On 08/20/2013 08:26 AM, Loic Bistuer wrote:
An alternate would be to implement a method that does this.
def field_error(self, name, error):
self._errors = self._errors or ErrorDict()
self._errors.setdefault(name, ErrorList())
self._errors[name].append(error)
I also have a pending PR for that: https://code.djangoproject.com/ticket/5335.
So you could do `self._errors[name].append(error)` from within the form and
`self.errors[name].append(error)` from outside.

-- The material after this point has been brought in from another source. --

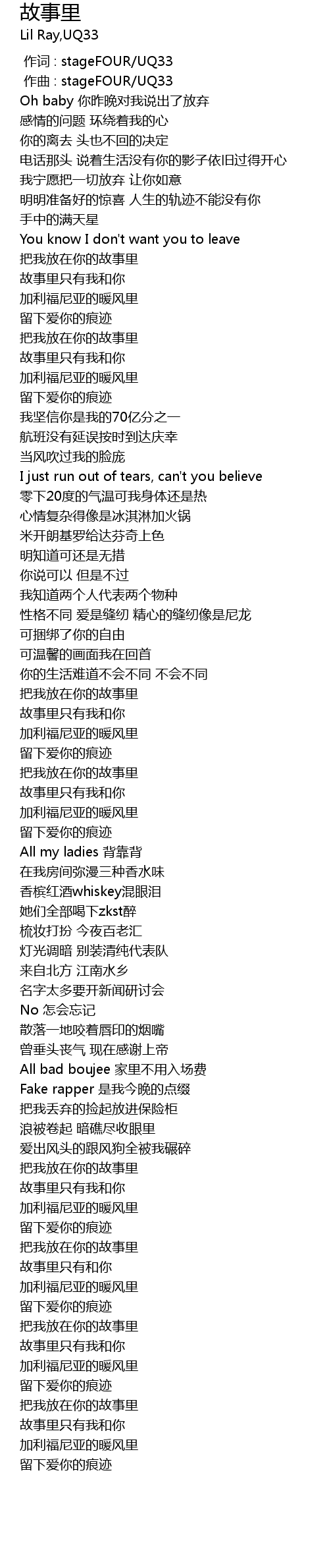 | [00:00.000] | 作词 : stageFOUR/UQ33 |

Having to raise a ValidationError would prevent you from creating multiple
field errors from within `clean`.
Not necessarily, the `ValidationError` constructor accepts a variety of
scenarios:
def clean(self):
errors = {}
if condition1:
errors['field1'] = ValidationError('message1', code='code1')
if condition2:
errors['field2'] = ValidationError('message2', code='code2')
raise ValidationError(errors)
Note that in the example above, `ValidationError('message1', code='code1')`
can also be a simple string, but if https://github.com/django/django/pull/1483
(yet another PR) goes in, passing an error code will become quite useful.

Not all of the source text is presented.